Women on Boards and Bank Earnings Management: From Zero to Hero (Digest summary)

  1. Peter Eickelberg, CFA

This is a summary of "Women on Boards and Bank Earnings Management: From Zero to Hero," by Yaoyao Fan, Yuxiang Jiang, Xuezhi Zhang, and Yue Zhou, published in the Journal of Banking and Finance.

Banks with at least three female board members display reduced earnings manipulation. A lower number may reflect tokenism and does not correlate with improved monitoring. Organizational effectiveness increases when women sit on audit and nomination committees. More experienced and more educated female board members display reduced monitoring influence, possibly because of enculturation.

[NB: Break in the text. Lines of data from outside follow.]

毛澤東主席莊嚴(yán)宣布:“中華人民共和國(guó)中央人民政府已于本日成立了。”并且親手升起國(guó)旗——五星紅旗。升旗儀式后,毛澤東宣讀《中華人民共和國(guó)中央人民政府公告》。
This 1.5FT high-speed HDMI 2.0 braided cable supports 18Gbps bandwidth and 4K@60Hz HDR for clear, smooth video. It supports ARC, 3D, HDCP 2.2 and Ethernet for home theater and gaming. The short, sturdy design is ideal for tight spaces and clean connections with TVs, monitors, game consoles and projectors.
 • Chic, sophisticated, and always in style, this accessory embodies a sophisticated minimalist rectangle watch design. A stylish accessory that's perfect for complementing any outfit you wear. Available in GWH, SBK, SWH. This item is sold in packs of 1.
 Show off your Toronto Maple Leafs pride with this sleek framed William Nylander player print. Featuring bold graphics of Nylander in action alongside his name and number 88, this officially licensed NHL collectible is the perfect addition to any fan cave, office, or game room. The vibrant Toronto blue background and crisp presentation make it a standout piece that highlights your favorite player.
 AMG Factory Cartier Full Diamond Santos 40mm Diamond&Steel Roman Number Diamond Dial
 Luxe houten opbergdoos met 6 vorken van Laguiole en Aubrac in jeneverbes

What Is the Investment Issue?

The existing literature regarding women’s impact on corporate boards has generally ignored their influence as bank directors. The authors seek to address this research gap—specifically, banks’ critical role in the economy. Banks traditionally have less transparency in their lending activities, and board managers face pressure to manipulate earnings by using discretionary loan loss provisions to ensure stock price consistency or to maximize incentive pay. Bank boards may often operate in an “old boys’ club” that does not provide effective checks on this behavior. The authors investigate whether adding women to the board, particularly as independent directors, moderates bank earnings management.

How Did the Authors Conduct This Research?

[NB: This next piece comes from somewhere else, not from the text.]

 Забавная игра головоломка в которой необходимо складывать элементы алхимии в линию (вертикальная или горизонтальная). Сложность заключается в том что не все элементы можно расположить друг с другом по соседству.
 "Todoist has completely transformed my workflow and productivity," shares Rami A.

The authors analyze 4,823 quarterly observations across 91 US bank holding companies between 2000 and 2014. Each quarterly observation includes a measure of the percentage and number of women on the bank board as well as that quarter’s use of discretionary loan loss provisions, an item associated with earnings management. More than 60% of banks have one or two female directors, whereas less than 20% have three or more.

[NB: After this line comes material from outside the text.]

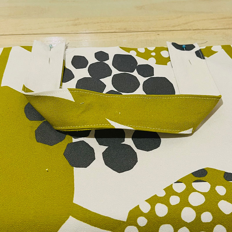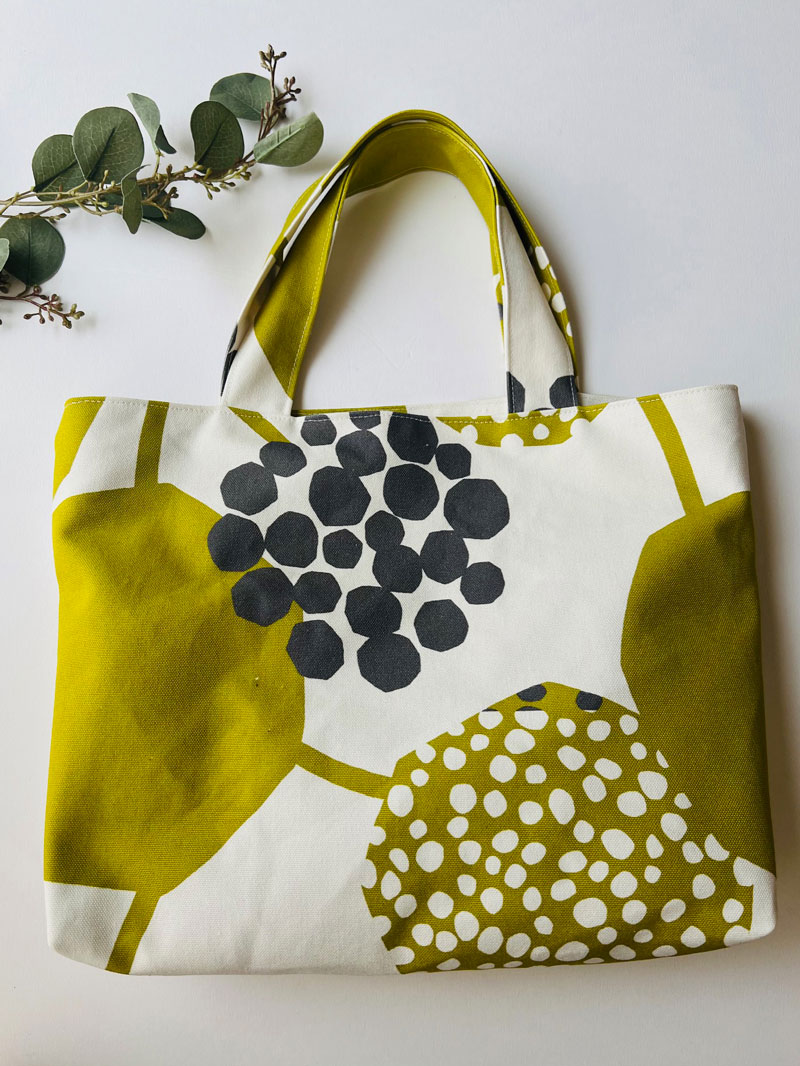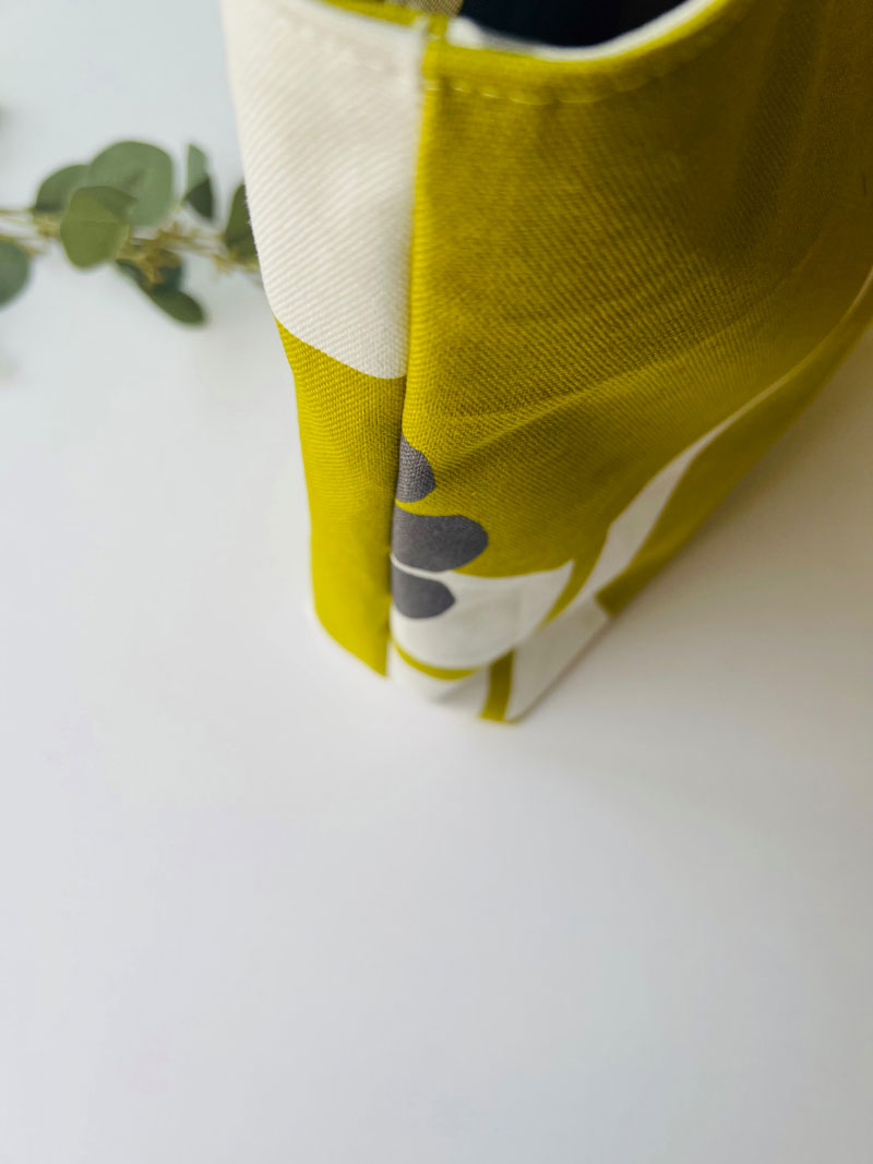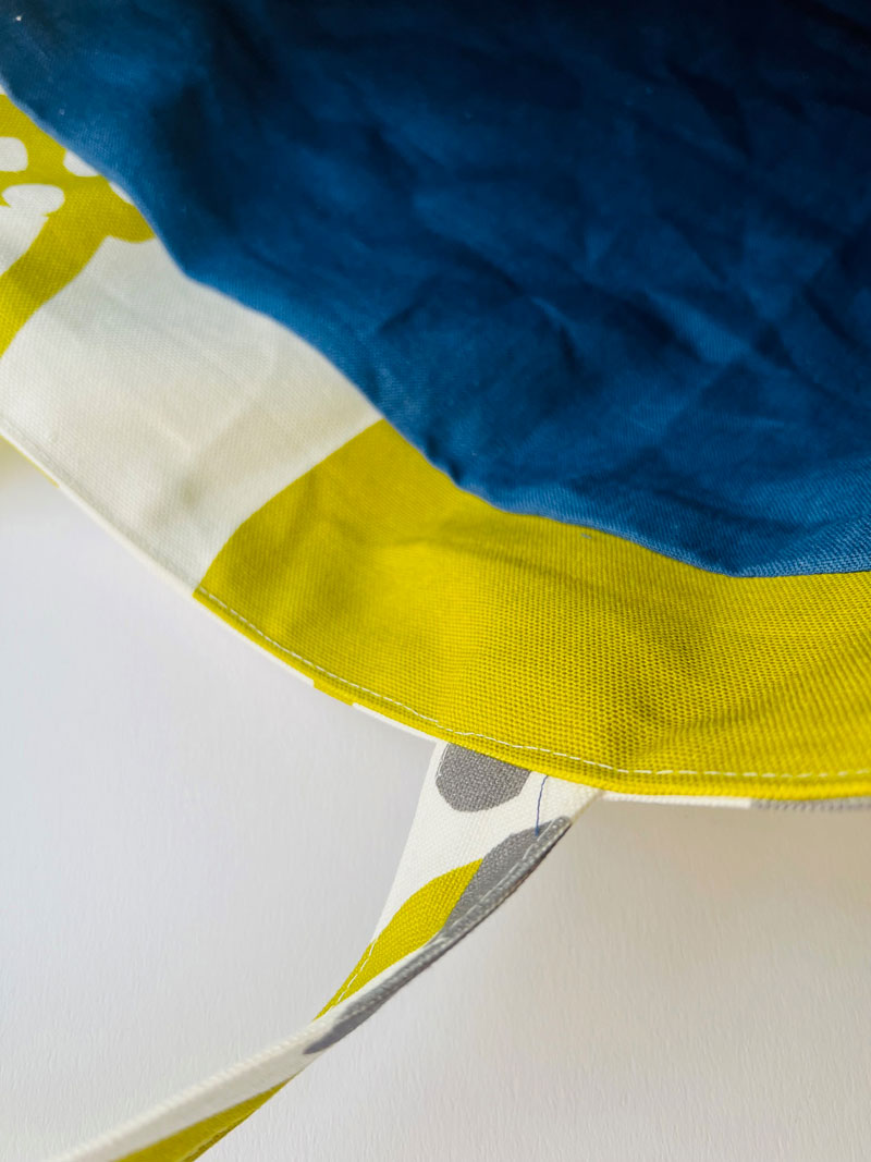 This tote bag lets you enjoy looking at its patterned outer fabric as part of the facing inside. The fabric used for this bag is echino’s new [crop] pattern, a 100% cotton #9.5 canvas. The lining features a blue fabric from the NUNO TO MONO series, a thin and easy-to-handle 100% linen fabric.

Regression analysis controls for bank, CEO, and board characteristics (age, tenure, size, independence, and so forth) so that a proxy for bank earnings management—discretionary loan loss provisions—can be analyzed in isolation.

The authors also use two alternative measures of earnings management and investigate two additional hypotheses for the relationship.

What Are the Findings and Implications for Investors and Investment Professionals?

When banks employ one or two women as directors, these board members may be viewed as tokens or may lack the critical mass to have a substantial influence on the board. Once there are three female directors, or 20% of the board, critical mass has been reached and women have a greater influence. Banks whose boards have strong female representation tend to have lower levels of earnings management and loan loss provisions. This more conservative management can lead to higher stock price volatility and lower earnings growth. Lower levels of loan loss provisions and accounting accruals tend to lead to higher-quality earnings, fewer earnings restatements, and lower degrees of tax avoidance.

The authors’ principal finding is that a bank board needs to add at least three women to experience a real change in earnings management. They even encourage banks without the financial means to expand their boards sufficiently to hold off hiring any women until the board can add at least this number, because lower numbers were associated with even greater earnings management in their study. They point to prior research on tokenism and critical mass to explain why this result might be the case.

Women’s influence also seems greater when they occupy positions on important committees—such as audit or nomination committees rather than the compensation committee, for example. Women who have more board experience (e.g., multiple appointments) or longer tenure, however, risk becoming enculturated in a “man’s world” or becoming too busy to monitor earnings as effectively as newer, independent female directors who are less burdened.